> **RECORDS FOR PROCESSING**:
================================

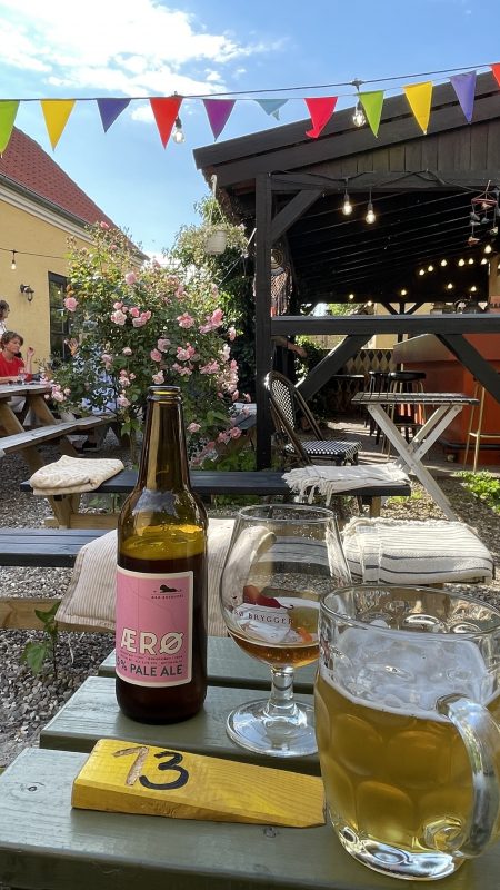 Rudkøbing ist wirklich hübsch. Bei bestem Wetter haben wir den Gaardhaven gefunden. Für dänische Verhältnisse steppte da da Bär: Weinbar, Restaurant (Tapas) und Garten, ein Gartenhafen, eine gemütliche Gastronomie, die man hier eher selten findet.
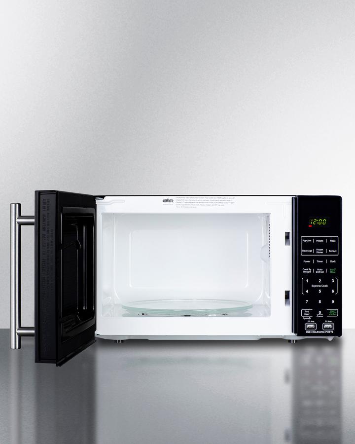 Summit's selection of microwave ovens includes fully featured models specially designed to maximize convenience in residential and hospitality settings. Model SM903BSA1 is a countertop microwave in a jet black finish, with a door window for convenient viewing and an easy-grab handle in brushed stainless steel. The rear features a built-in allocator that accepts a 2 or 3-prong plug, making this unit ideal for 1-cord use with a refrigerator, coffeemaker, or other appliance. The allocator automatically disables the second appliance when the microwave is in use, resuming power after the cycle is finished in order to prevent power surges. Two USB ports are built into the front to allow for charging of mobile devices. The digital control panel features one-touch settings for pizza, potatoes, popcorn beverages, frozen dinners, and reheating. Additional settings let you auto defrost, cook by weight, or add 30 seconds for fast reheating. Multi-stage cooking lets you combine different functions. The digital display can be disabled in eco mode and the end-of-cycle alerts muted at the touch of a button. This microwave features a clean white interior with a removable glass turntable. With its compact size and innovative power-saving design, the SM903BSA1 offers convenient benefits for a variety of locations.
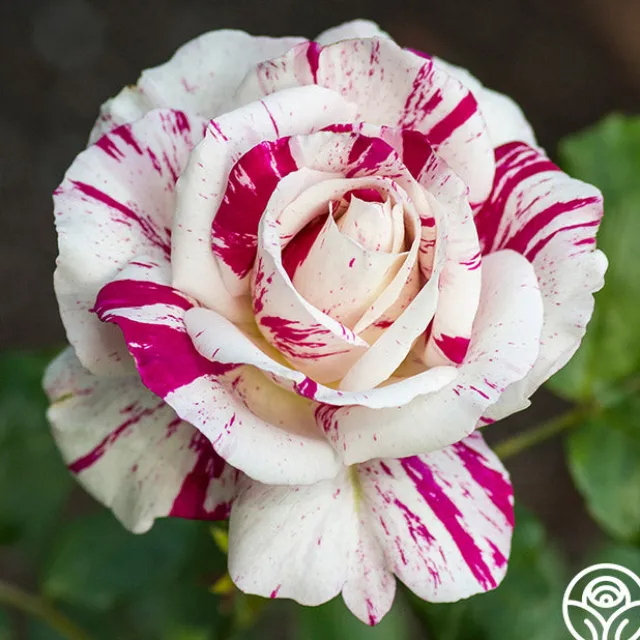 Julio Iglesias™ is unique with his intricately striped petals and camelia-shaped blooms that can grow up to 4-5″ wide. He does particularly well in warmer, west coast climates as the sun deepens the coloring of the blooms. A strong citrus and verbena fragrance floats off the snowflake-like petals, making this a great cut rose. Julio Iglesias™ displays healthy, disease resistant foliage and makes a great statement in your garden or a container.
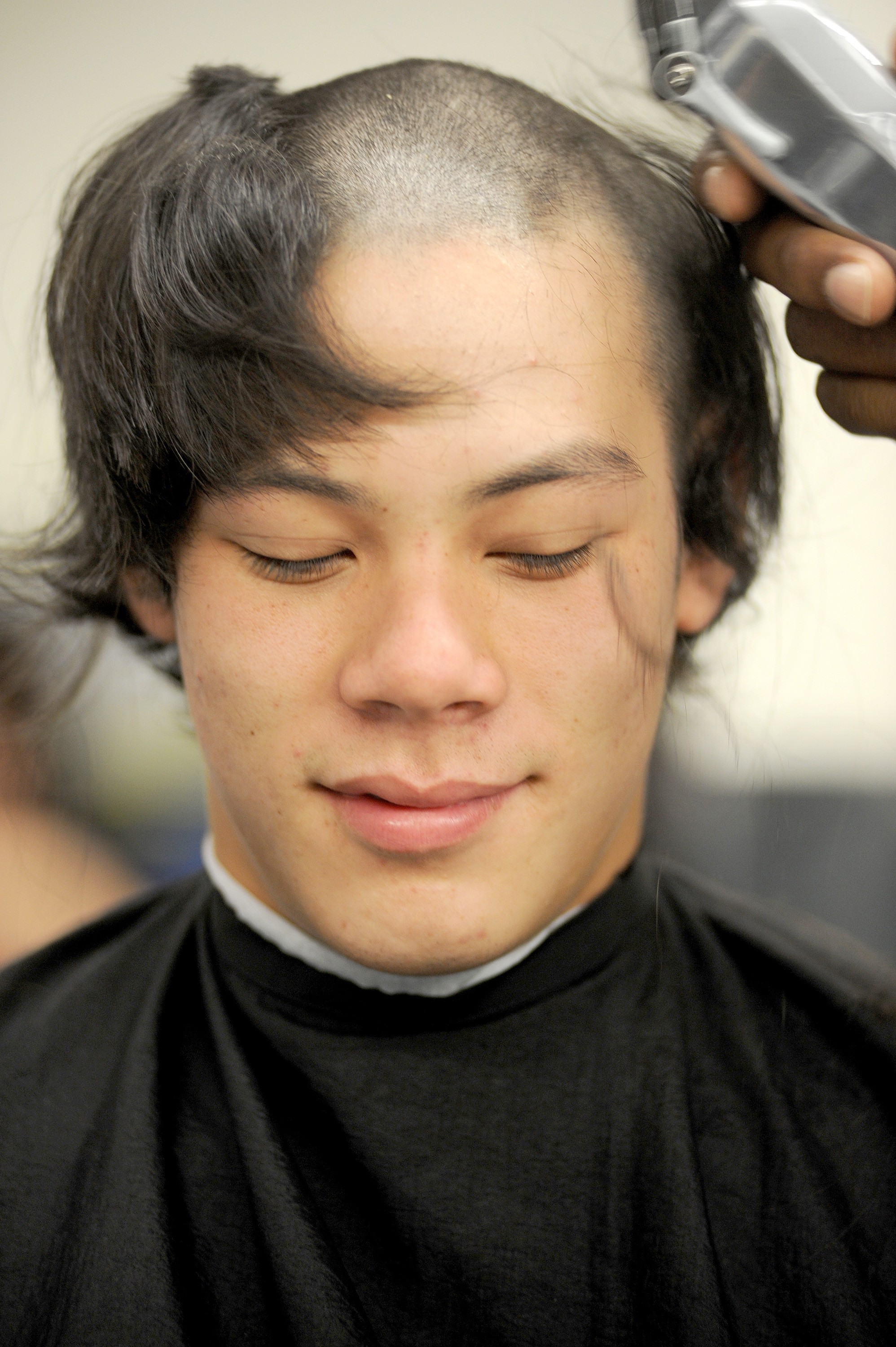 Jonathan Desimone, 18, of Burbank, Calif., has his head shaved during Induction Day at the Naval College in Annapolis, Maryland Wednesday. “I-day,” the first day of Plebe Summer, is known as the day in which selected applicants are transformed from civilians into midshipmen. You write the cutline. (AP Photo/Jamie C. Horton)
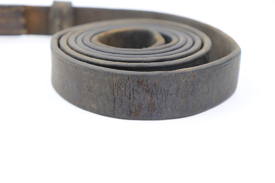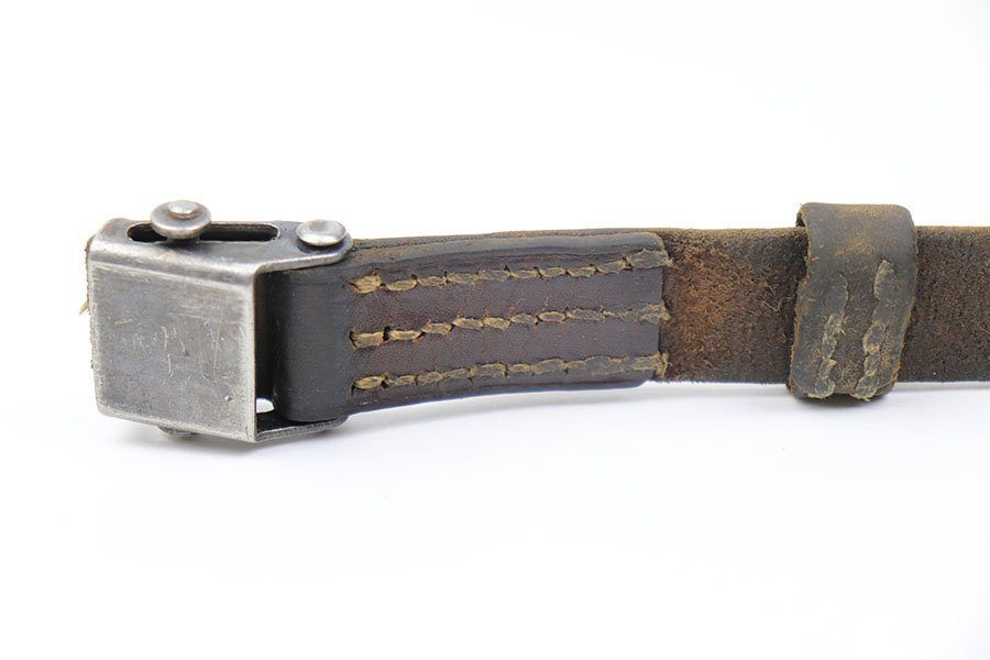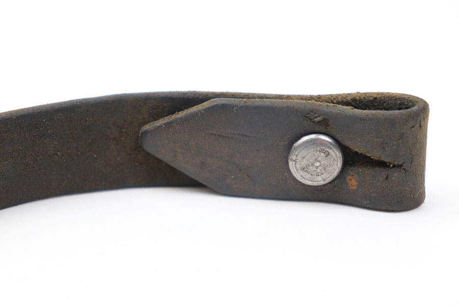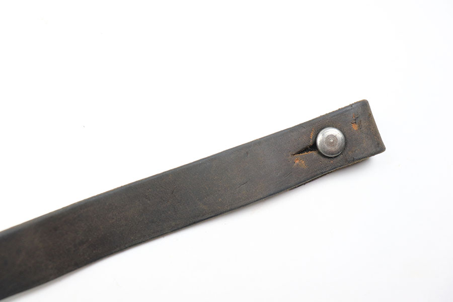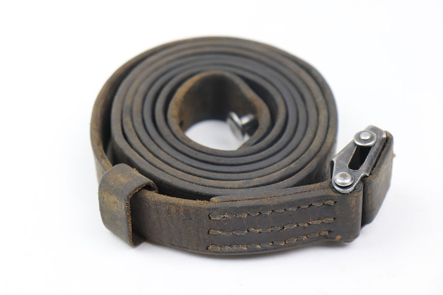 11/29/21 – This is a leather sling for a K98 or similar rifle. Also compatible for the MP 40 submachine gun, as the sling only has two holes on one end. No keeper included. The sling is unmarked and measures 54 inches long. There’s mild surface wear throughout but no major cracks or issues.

================================

Repeat the records above exactly, leaving out the pictures.

> **REPLY**:
 Rudkøbing ist wirklich hübsch. Bei bestem Wetter haben wir den Gaardhaven gefunden. Für dänische Verhältnisse steppte da da Bär: Weinbar, Restaurant (Tapas) und Garten, ein Gartenhafen, eine gemütliche Gastronomie, die man hier eher selten findet.
 Summit's selection of microwave ovens includes fully featured models specially designed to maximize convenience in residential and hospitality settings. Model SM903BSA1 is a countertop microwave in a jet black finish, with a door window for convenient viewing and an easy-grab handle in brushed stainless steel. The rear features a built-in allocator that accepts a 2 or 3-prong plug, making this unit ideal for 1-cord use with a refrigerator, coffeemaker, or other appliance. The allocator automatically disables the second appliance when the microwave is in use, resuming power after the cycle is finished in order to prevent power surges. Two USB ports are built into the front to allow for charging of mobile devices. The digital control panel features one-touch settings for pizza, potatoes, popcorn beverages, frozen dinners, and reheating. Additional settings let you auto defrost, cook by weight, or add 30 seconds for fast reheating. Multi-stage cooking lets you combine different functions. The digital display can be disabled in eco mode and the end-of-cycle alerts muted at the touch of a button. This microwave features a clean white interior with a removable glass turntable. With its compact size and innovative power-saving design, the SM903BSA1 offers convenient benefits for a variety of locations.
 Julio Iglesias™ is unique with his intricately striped petals and camelia-shaped blooms that can grow up to 4-5″ wide. He does particularly well in warmer, west coast climates as the sun deepens the coloring of the blooms. A strong citrus and verbena fragrance floats off the snowflake-like petals, making this a great cut rose. Julio Iglesias™ displays healthy, disease resistant foliage and makes a great statement in your garden or a container.
 Jonathan Desimone, 18, of Burbank, Calif., has his head shaved during Induction Day at the Naval College in Annapolis, Maryland Wednesday. “I-day,” the first day of Plebe Summer, is known as the day in which selected applicants are transformed from civilians into midshipmen. You write the cutline. (AP Photo/Jamie C. Horton)
 11/29/21 – This is a leather sling for a K98 or similar rifle. Also compatible for the MP 40 submachine gun, as the sling only has two holes on one end. No keeper included. The sling is unmarked and measures 54 inches long. There’s mild surface wear throughout but no major cracks or issues.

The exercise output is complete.